Southwest Airlines began flying new routes at a time when the airline was just beginning to restore capacity from pandemic shutdowns. But demand is booming across the airline industry, and the Southwest is no exception. Amid staffing shortages from 2021 retirements and acquisitions, events such as thunderstorms have caused Southwest Airlines to cancel or delay thousands of flights.the carrier too Summer schedule republished Over 8,000 flights were cut in April.

Demand is strong so far this year.southwest Reported record revenue of $6.2 billion Q2 increased 10.6% from the same period in 2019. The third quarter also marked his second straight period in which Southwest reported profit and posted quarterly earnings. Leisure demand remains strong throughout the year, and business travel demand has trended upward since Labor Day, management said.

However, challenges persist. The company continues to suffer from a shortage of pilots, even though it plans to hire 1,200 people this year. Overall, Southwest plans to add about 10,000 employees this year.

Southwest Airlines is also facing continued delays in the delivery of 737 MAX aircraft by Boeing. Even if Boeing delivered the planes on schedule, Southwest could not get pilots to fly all the planes due to backlog of training. Southwest Airlines plans to end the year with 768 aircraft.

‘We’re really constrained by pilots,’ says chief commercial officer Andrew Watterson“A lot of what we’re doing for much of the next year is really dictated by pilot training capabilities, not Boeing deliveries.”

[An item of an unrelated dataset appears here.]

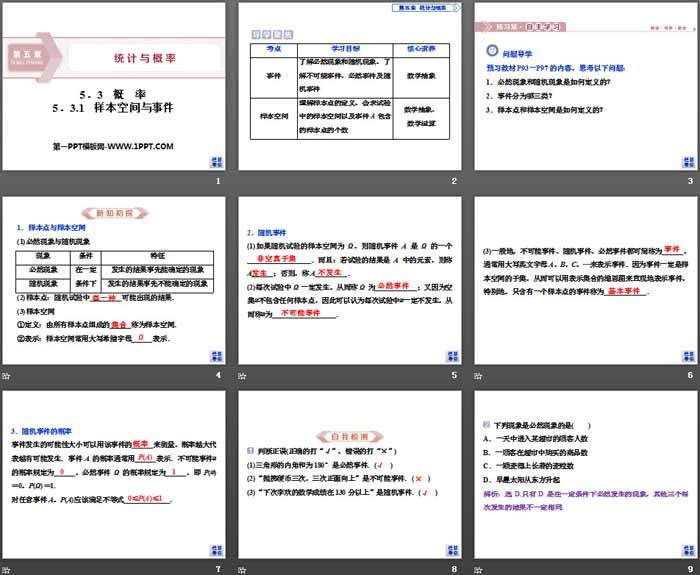 关键词:高中人教B版数学必修二PPT课件免费下载,概率PPT下载,统计与概率PPT下载,样本空间与事件PPT下载,.PPT格式;

Jordan said Southwest wants to avoid reissued schedules and maintain high completion rates with high on-time performance.

So what are the markets in which Southwest Airlines is looking to restore flights? remains and plans to reduce the number of flights. The four airports with projected growth compared to the 2019 period are Denver, Las Vegas, Phoenix and Nashville.

Here are the airports that still have room to recover:

  • Chicago Midway – 18,914 flights are scheduled in Q4, a decrease of 926 flights, or 4.7%, from the same period in 2019.
  • Baltimore Washington International Airport Thurgood Marshall Airport – 16,647 flights, down 2,335 or 12.3%
  • Dallas Love Field Airport – 17,138 flights, 212 fewer or 1.2%
  • Houston’s William P. Hobby Airport – 13,228 flights, 1,283 fewer or 8.8%
  • Auckland International Airport – 9,913 flights, 826 fewer or 7.7%
  • Orlando International Airport – 9,423 flights, 1,217 fewer or 11.4%
  • San Diego International Airport – 9,786 flights, 438 fewer or 4.3%
  • Los Angeles International Airport – 6,706 flights, down 3,417 or 33.8%
  • St. Louis Lambert International Airport – 9,187 flights, 842 fewer or 8.4%
  • Hartsfield-Jackson Atlanta International Airport – 8,349 flights, 1,079 fewer flights, or 11.4%
  • Norman Y. Mineta San Jose International Airport – 8,941 flights, 186 flights, or 2% decrease

Of course, there are plenty of other airports Southwest Airlines is likely to add flights to from this list, such as Tampa and Fort Lauderdale. But this list represents the beginning.

Speculation has already begun that Southwest will look to various destinations in Canada and South America once it returns to expansion mode. Until then, management will continue to focus on capitalizing on the demand it already knows exists.

“We need to continue to restore operational reliability, and we need to man the entire fleet to fly,” Jordan said.